- **The problem**
Transcribe word for word the section of the records below that opens with the line containing "- Conjunto de" and closes with the line containing "Mesa De Cabeceira"; drop every picture.

- **Data extract**
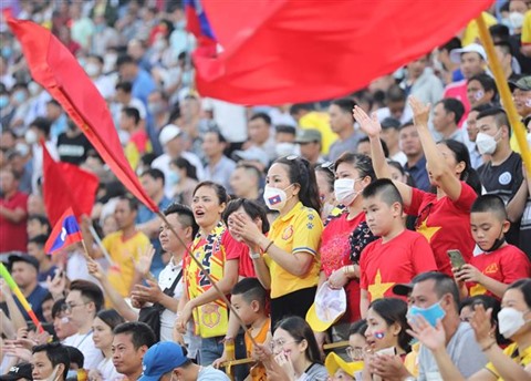 | Les supporteurs vietnamiens au stade de Thiên Truong, province de Nam Dinh. |
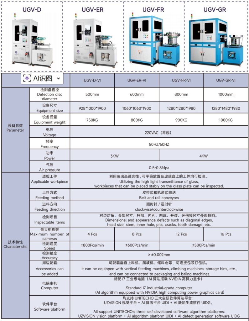 The UNITECHO UGV-GR-VI is the largest and most capable model in the glass turntable series, featuring a massive 1000mm detection disc. Designed for high-volume manufacturing, this system is engineered to inspect workpieces that can be placed stably on a flat surface, such as nuts, washers, stamping parts, and rubber seals. With support for up to 16 high-resolution cameras, a heavy-duty 4KW drive system, and inspection speeds of ±500 pcs/min, the UGV-GR-VI offers unmatched coverage and throughput. Powered by UNITECHO’s self-developed AI ecosystem (UZVISION, UIDI, UIDG), it delivers micron-level accuracy (≥ ±0.002mm) while eliminating blind spots on large or complex flat components.
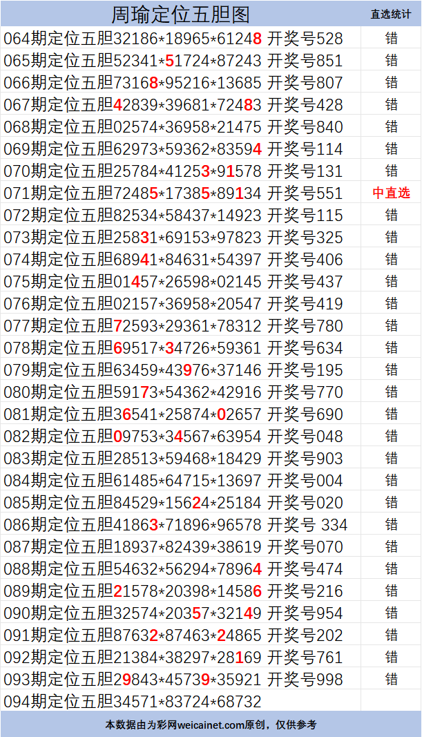 • 排列三26094期胆码 周瑜定位五胆图
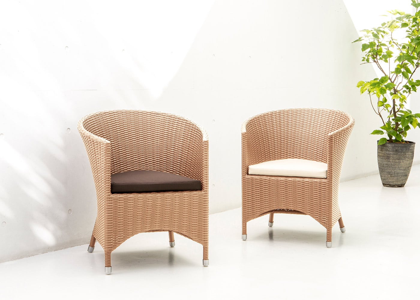貝のような美しい曲線を描き、やさしく包まれる心地よさが魅力のガーデン・ラウンジチェア。強い日差しや風雨による劣化を気にせず、屋外に一年中設置したままでご使用頂けます。
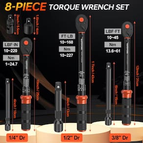 - Conjunto de chaves de torque 3 em 1 com acessórios?O conjunto de chaves de torque Matework inclui chaves de torque de 1/10.2 cm (10-220 lbf·in), 3/20.3 cm (10-45 lbf·pés) e chaves de torque de 1/5.1 cm (10-160 lbf), juntamente com 3 barras de extensão (10-160 lbf). 2 mm 12,7 cm, 15,2 cm), um adaptador de 1/2 a 3/8 e uma junta universal de 3/8. Perfeito para uma ampla variedade de aplicações de torque, desde pequenos reparos de bicicletas até manutenção automotiva pesada
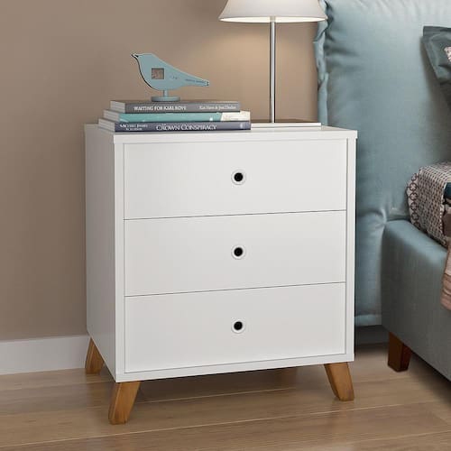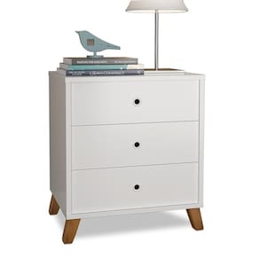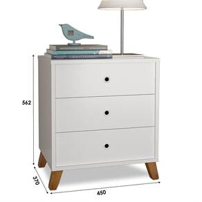 Mesa De Cabeceira Retro 3 Gavetas Branco Granada
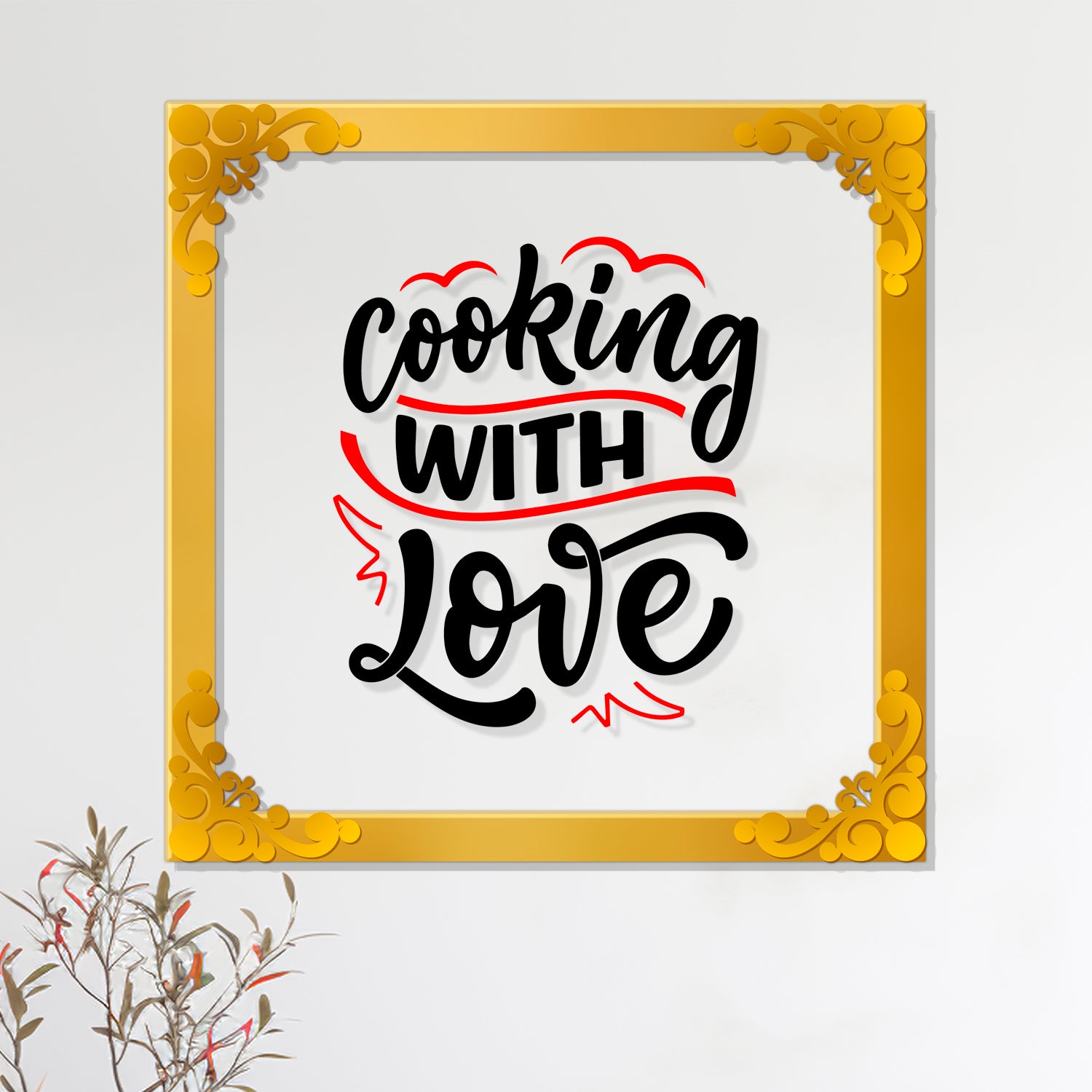 Cooking with love Golden Plaque for Gifting, Wall Decor Clear UV print with Golden Border-99 - 8x8 inch
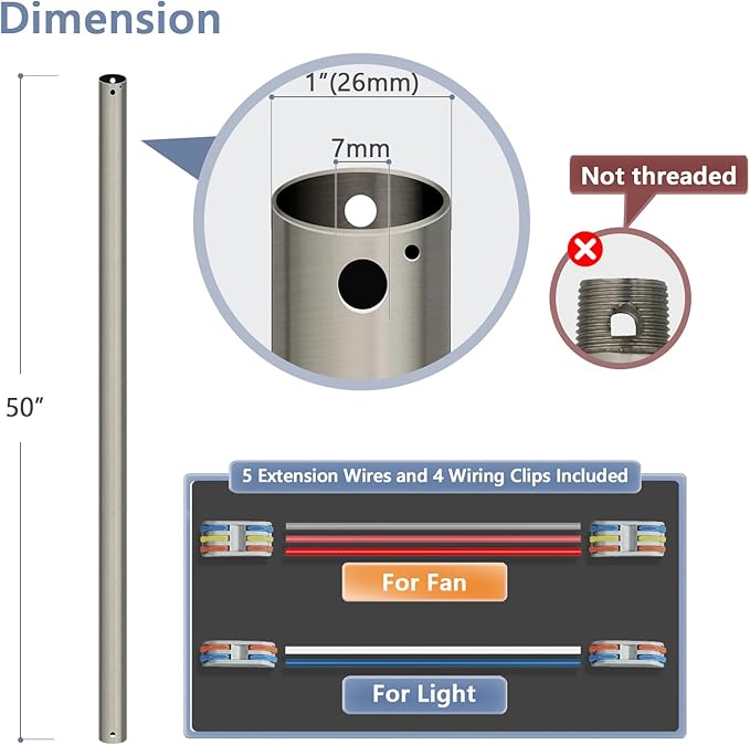 50" Ceiling Fan Downrod, 【1 Outside Diameter】 Brushed Nickel Extended Downrod, including 4 Wire Connectors and 5 Extension Wires (No Threads)
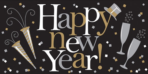 Foliowy plakat z napisem HAPPY NEW YEAR! w kolorystyce czarnej, złotej, srebrnej oraz białej. Doskonały do zawieszenia na sali, w domu lub na zewnątrz. Wymiar 85 x 165 cm.
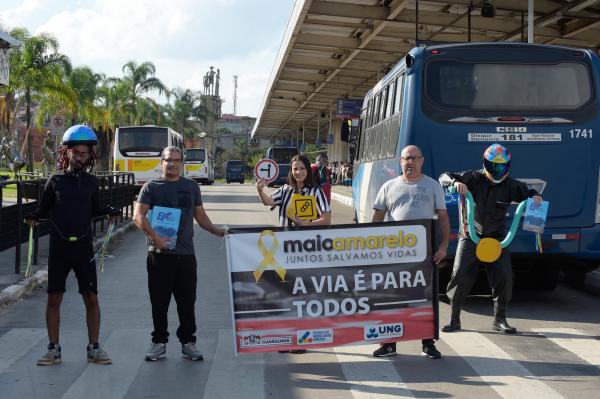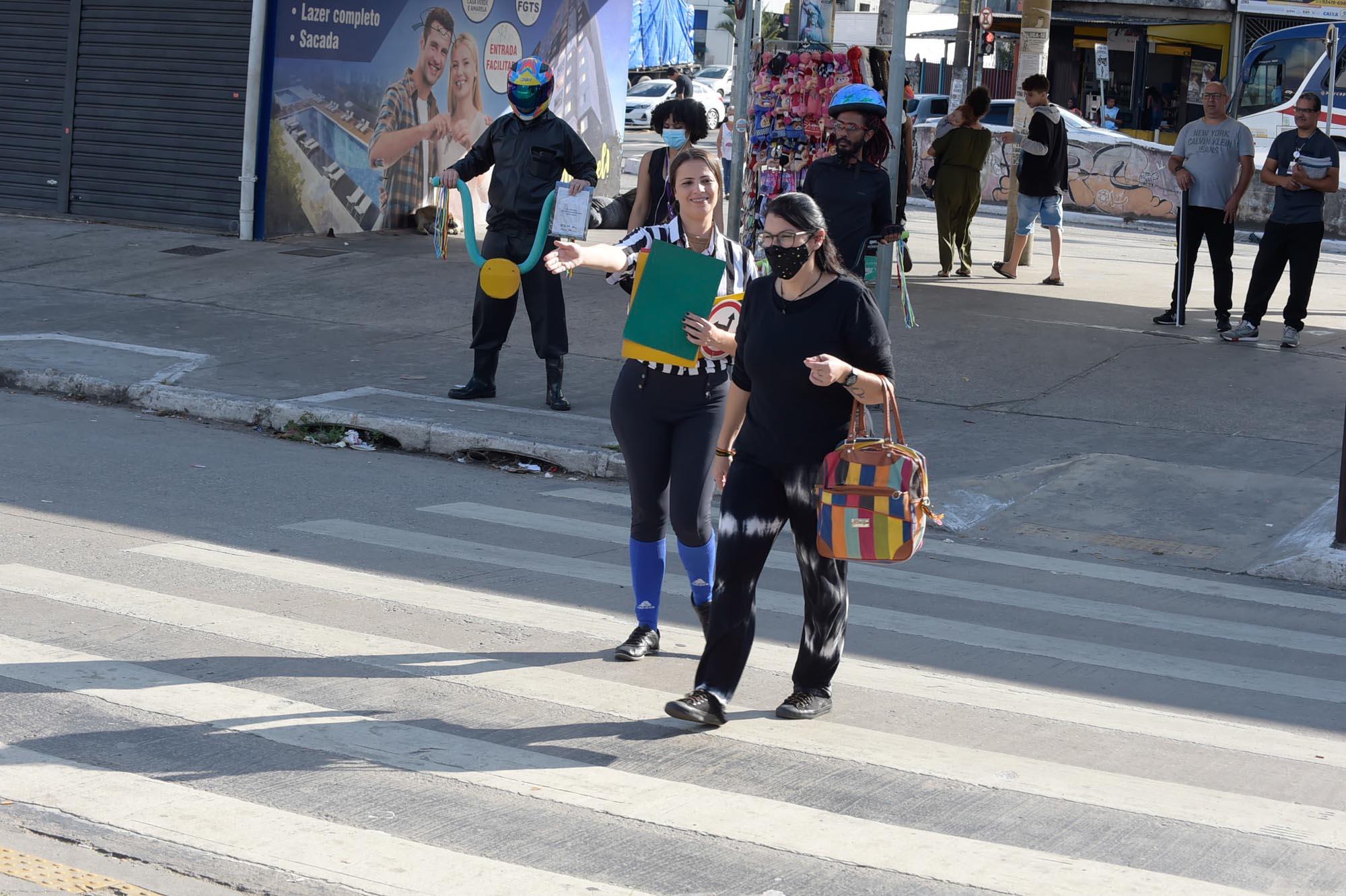 A avenida Juscelino Kubitschek, em frente ao Terminal Urbano Pimentas, recebeu nesta segunda-feira (16) ação lúdica e educativa sobre segurança no trânsito direcionada a pedestres. A intervenção é parte da agenda do Maio Amarelo – Juntos Salvamos Vidas, movimento internacional que acontece no município sob a coordenação da Secretaria de Transportes e Mobilidade Urbana de Guarulhos, com o apoio de entidades e órgãos parceiros.

- **Output**
 - Conjunto de chaves de torque 3 em 1 com acessórios?O conjunto de chaves de torque Matework inclui chaves de torque de 1/10.2 cm (10-220 lbf·in), 3/20.3 cm (10-45 lbf·pés) e chaves de torque de 1/5.1 cm (10-160 lbf), juntamente com 3 barras de extensão (10-160 lbf). 2 mm 12,7 cm, 15,2 cm), um adaptador de 1/2 a 3/8 e uma junta universal de 3/8. Perfeito para uma ampla variedade de aplicações de torque, desde pequenos reparos de bicicletas até manutenção automotiva pesada
 Mesa De Cabeceira Retro 3 Gavetas Branco Granada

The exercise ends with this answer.